Comme le rêve, qui à l’instant de l’éveil, dans une seconde à peine nous fait vivre toute une aventure que nous éclairerons patiemment, nous dit Freud, en décryptant le rébus. Le rêve se lie comme un rébus. L’image se lit comme un rébus. Et jamais le commentaire ne peut l’épuiser.
Le rapport avec la vision tautologique est simple, on comprend facilement que l’image dépasse sa simple description, cela est facilement acceptable.
Mais le rapport avec la vision de la croyance ? La complexité de l’image, son insondable profondeur, son mystère tient à ce que, justement, le commentaire est incapable d’en épuiser tous les pouvoirs, parce que chaque nouveau spectateur expérimente devant cette image une nouvelle expérience qui ne peut être la même que celle du spectateur précédent. Il y a bien un aspect métaphysique, pourrait-on dire, mais point n’est besoin d’invoquer pour cela un dogme quelconque, ou un foi définie en un surnaturel personnifié. Il n’y a même pas besoin de vivre l’image comme la trace d’une présence réelle. L’image est rencontrée comme on vit une rencontre avec une personne et aucun commentaire n’en peut épuiser tous les aspects, pourtant, lorsque nous vivons cela, nous en avons une vague perception. Certains artistes, sans doute plus que nous. Et ils savent alors mobiliser chez nous cette perception qui est précisément la sensibilité, en nous, qui fait le lit de toute religion. Il n’est pas besoin d’invoquer une religion pour la faire vibrer, c’est ce que certains artistes récents ont compris, et qu’ils nous donnent à sentir et percevoir dans leurs œuvres.

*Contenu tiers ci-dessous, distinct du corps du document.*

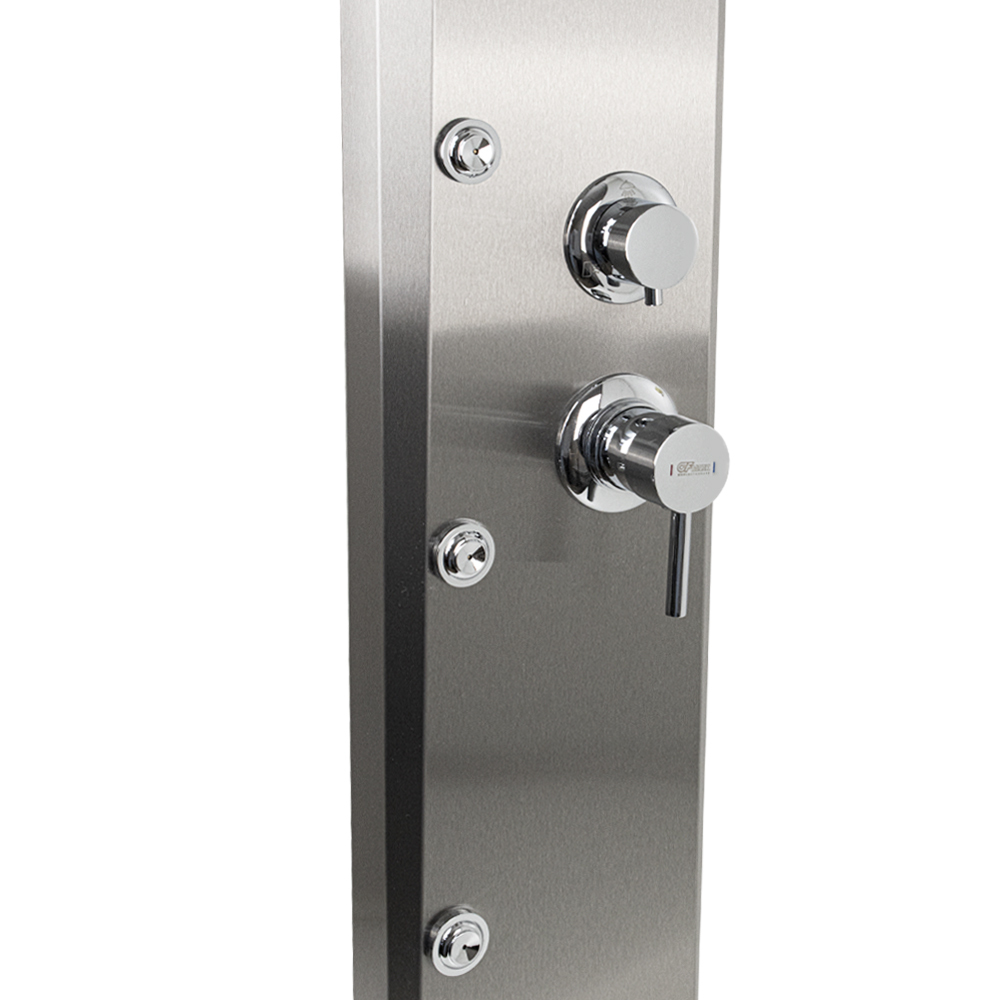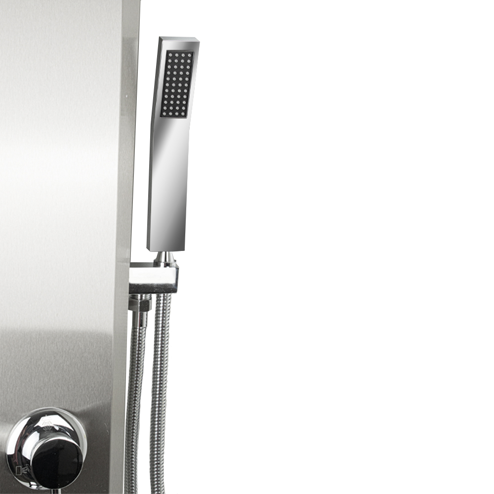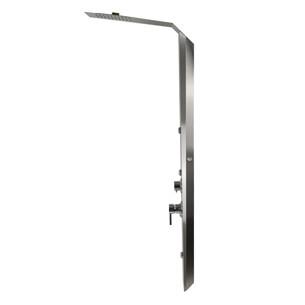 Ультрамодная дизайнерская разборная, гидромассажная душевая панель - "тропический душ" с двумя лейками и форсунками, 3 режима работы. Функциональность обеспечивают тропический, верхний каскадный душ, ручная лейка и форсунки для массажа спины. Эффектный внешний вид и практичность эксплуатации придает изделию из нержавеющей стали марки 304 матовая поверхность. Сочетание эстетики и максимального комфорта достигается за счет интегрированных гидромассажных форсунок и встроенного верхнего душа. Стильное и компактное оборудование предназначено для установки в ванну или любую душевую зону. Душевая панель позволит проводить оздоровительные процедуры в домашних условиях, гидромассажные форсунки окажут мягкое терапевтическое воздействие Габаритные размеры: высота 1350 мм, ширина 240 мм, глубина 40 мм, длина верхнего душа 450 мм, длина шланга 150 см. Вес - 9,500 кг, объём - 0,09000 м3. Комплект: корпус / крепления / лейка / держатель для лейки / душевой шланг / переключатель потоков / соеденительные шланги .

Un grand philosophe, Jean Wahl, a formulé tout un ouvrage, “La Métaphysique”, sur une oppositions semblable: le subtil et l’opaque, un certain “monde de Valéry”, ou un certain “monde de Claudel”. On y songe, évidemment. Pourtant le livre de Georges Didi-Huberman, ne nous laisse pas tendus entre les deux pôles. Il nous promène d’un pôle à l’autre au fil des rencontres. Nous découvrons des chemins qui ne mènent nulle part, des Holzweg, comme disent les allemands (chemins du bois), et nous formons pour nous-mêmes de vrais sentiers, de vrai chemins qui relient nos expériences et font que ce livre devient nôtre, un commentaire de notre journal intime.
Une recommandation : lisez “Devant l’image”, puis “Ce que nous voyons, ce qui nous regarde”, puis “Devant le temps”, puis “L’image survivante”. Si vous ne le faites pas, ce sera peut être plus passionnant, plus mouvementé, mais certainement plus long.